Yvon Le Maho, directeur de recherche au CNRS et auteur d’une étude critique envers les OGM ne s’étonne pas de ces attaques. « Il avait suffi que j’émette des réserves pour être pris à parti. » Le lobby OGM en cause ?

« C’est une étude faite dans les règles de l’art », poursuit Corinne Lepage. « D’ailleurs, Je suis favorable à son évaluation. Mais pas par les experts européens qui ont eux-mêmes autorisé le NK603. Ils vont être juges et parties. » Le jugement de ces fameux experts de l’agence européenne chargée de la sécurité des aliments (EFSA) est le principal point d’achoppement avec les auteurs de l’étude. En conférence de presse, Gilles-Eric Séralini a ainsi dénié toute autorité  de l’EFSA pour juger son travail.

Des analyses qui en entraîneront d’autres

En France, le Haut Conseil des biotechnologies et l’Agence nationale de sécurité sanitaire de l'alimentation, de l'environnement et du travail (Anses) ont été saisi par le gouvernement. Et le Premier Ministre Jean-Marc Ayrault menace : « Si les résultats sont concluants », Stéphane Le Foll, le ministre de l'Agriculture, « défendra au niveau européen l'interdiction de ces OGM». Un véritable enjeu de santé publique.

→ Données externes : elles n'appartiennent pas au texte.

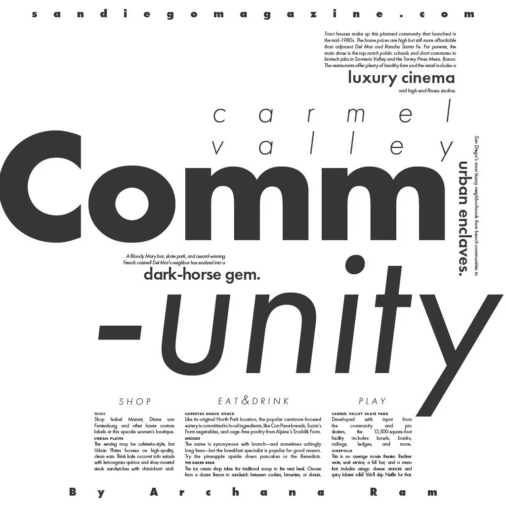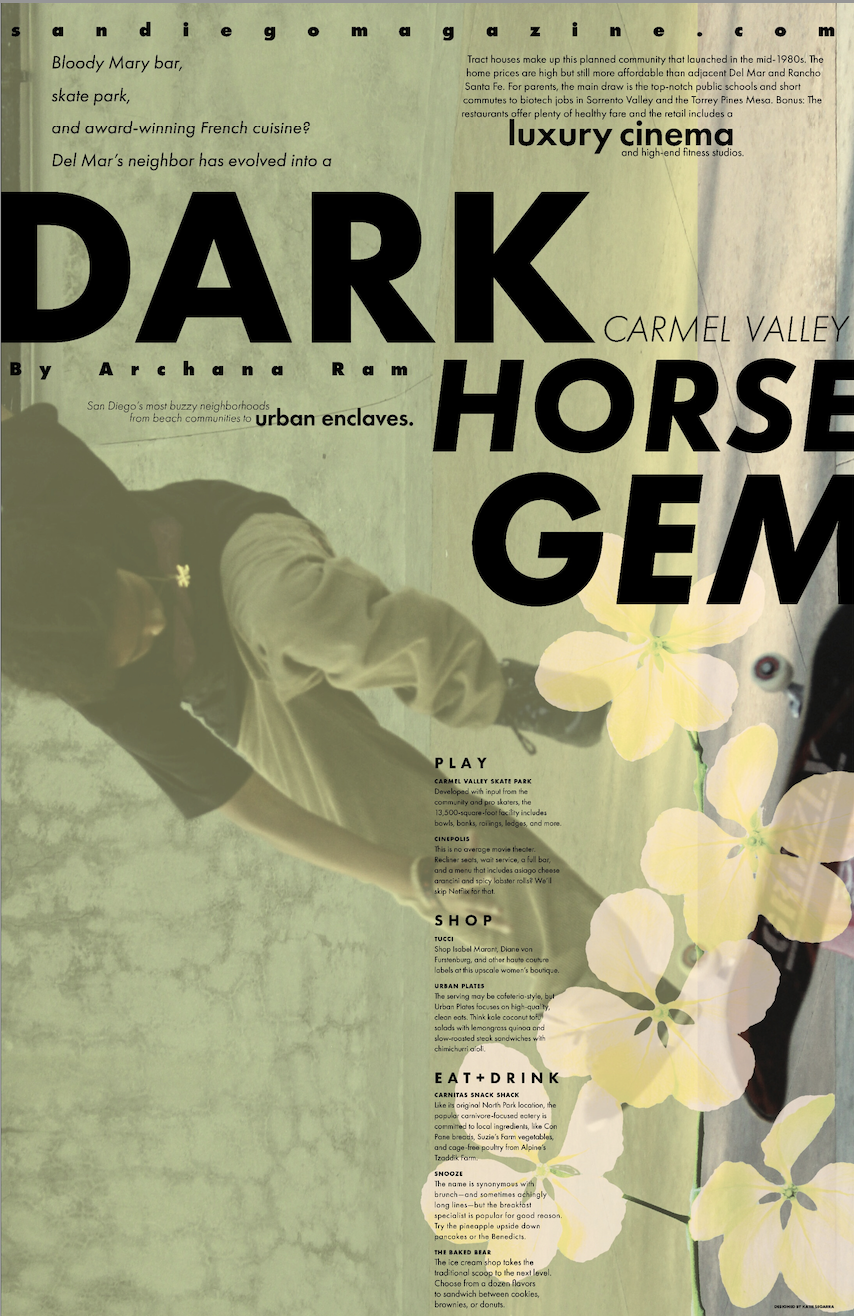 Carmel Valley is a San Diego neighborhood that has a suburban feel yet contains many new and modern hubs for dining, entertainment, and activities. I built an image library using my own photography and then experimented with typography, color, and layering. I wanted to capture the life and spirit of this suburban area through documenting its very own residents at the local skate park. The dynamic layout draws curious viewers in to learn more and want to come visit.

« Nous allons refaire les analyses avec toutes les données brutes », promet Catherine Berstein. « D’ailleurs, les auteurs ont eux-mêmes précisé qu’ils n’avaient publiés que les informations pertinentes. » Critiquée mais salutaire selon Yvon Le Maho. « Cette étude a au moins le mérite d’avoir été faite sur un temps long. C’était nécessaire et ça va en entraîner d’autres.» Premiers éléments de réponse dans les semaines qui viennent.